11.3870 · Motion · 2011-09-28
Département de l'environnement, des transports, de l'énergie et de la communication
Liquidé
Wortlaut
Le signataire de cette motion constate que les essais de protection du bas des glaciers avec des bâches ne donnent que des résultats limités, ne répondent pas aux impératifs précités, et demande au Conseil fédéral de diligenter des tests, dès 2011, ici cités par ordre croissant de complexité :
1. "chaulage des moraines" par hélicoptère en mi-juillet (selon altitudes/expositions) = réfraction, afin de diminuer l'impact du réchauffement par rayonnement solaire, par exemple au Sanetsch, comme premier test "confiné" et "sans atteinte" au ph des eaux ;
2. "tranchées fabriquant de la glace" (savoir-faire iranien ancestral), réalisées avec des machines de chantier en été, dans tout emplacement alpin adéquat, à savoir les petites plaines alpines sous les glaciers, qui servent actuellement de décanteur ;
3. "valley curtain" (grands rideaux mobiles en matières thermiques pour retenir l'air froid en amont et éviter sa perte en aval) dans tout endroit propice ;
4. tunnels à vent (avec tunnelier minier vertical) avec l'orifice du haut situé en altitude et le deuxième en bas avec éolienne interne et stockage-diffusion du froid dans des galeries horizontales.
Begründung
Selon les données fiables d'un nombre croissant de scientifiques, la Suisse connaîtra des saisons avec des températures de plus en plus extrêmes.
Les seuls impacts géologiques néfastes de la fonte des glaciers et, dans leurs périphéries, des atteintes croissantes au pergélisol dans les vallées alpines, menaceront à terme, non pas le seul tourisme des domaines skiables, mais des vies et la sécurité des infrastructures des voies de communications.
Des technologies contemporaines permettent d'éviter, en bonne partie, des effondrements rocheux, en favorisant un maintien du pergélisol, aussi indispensable à la biodiversité locale.
Ces technologies, permettraient à la Suisse de se positionner comme pionnier dans ces domaines, mais aussi d'exporter des brevets et son savoir-faire, sinon de rentabiliser ces installations par un nouveau tourisme alternatif didactique et la production d'énergies renouvelables.
L'inaction dans ce domaine, notamment du DETEC, qui ne se signale déjà pas en termes d'efficacité dans sa politique des infrastructures et des transports, entraînera des coûts économiques, environnementaux et sociaux énormes.
Antrag des Bundesrates
Le Conseil fédéral propose de rejeter la motion.

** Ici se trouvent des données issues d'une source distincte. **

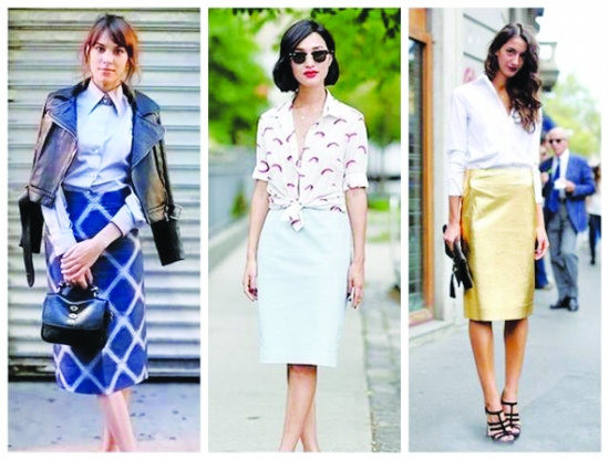 铅笔裙+衬衫=OL范儿 简单的衬衫,干净干练,适合各种上班女性。铅笔裙其背后中央的开衩或是打褶,能够保持走路时候的优雅姿态。

Stellungnahme des Bundesrates
Le Conseil fédéral partage l'avis de l'auteur de la motion selon lequel le dégel du pergélisol dû au réchauffement climatique peut également provoquer des problèmes de stabilité des pentes. Aux endroits exposés, il faut en effet s'attendre à davantage de glissements de terrains, d'éboulements et de laves torrentielles (coulées très visqueuses d'eau et de matériaux solides tels que sable ou gravier, à forte puissance de charriage). C'est pourquoi le Conseil fédéral a déjà introduit toute une série de mesures :
- étude de l'étendue du pergélisol et publication de la carte correspondante, 2005 ;
- évaluation de données satellites (interférométrie radar) pour faire un relevé de la stabilité des pentes et de leur évolution à l'échelle suisse, tâche permanente ;
- développement de technologies pour assurer la surveillance et le monitoring des zones de pergélisol, en collaboration avec cinq hautes écoles et le SLF de Davos (voir www.permos.ch), tâche permanente ;
- élaboration par les cantons de cartes des dangers pour les zones habitées, jusqu'à fin 2011.
Le réchauffement climatique n'a toutefois pas pour seul effet possible de dégeler le pergélisol. Aussi le Conseil fédéral a-t-il chargé l'administration de préparer une stratégie d'adaptation au changement climatique, qui constituera la base d'une démarche concertée des offices fédéraux. Le Conseil fédéral se prononcera vraisemblablement fin 2011 sur cette stratégie et fournira alors des informations supplémentaires. Dans un second temps, les départements responsables devront élaborer des plans de mesures dans les principaux secteurs concernés. Toutes ces mesures et celles à prendre au niveau interdépartemental seront intégrées et harmonisées dans un plan d'action commun d'adaptation au changement climatique. Le Conseil fédéral entend ainsi garantir la coordination et le respect du développement durable. Il est disposé à examiner les mesures proposées dans la motion dans le cadre de l'élaboration du catalogue de mesures. Il estime toutefois qu'il ne serait pas judicieux de mener de façon anticipée et isolée des tests complexes et énergivores sans les coordonner avec les autres mesures d'adaptation prévues.
Le Conseil fédéral propose de rejeter la motion.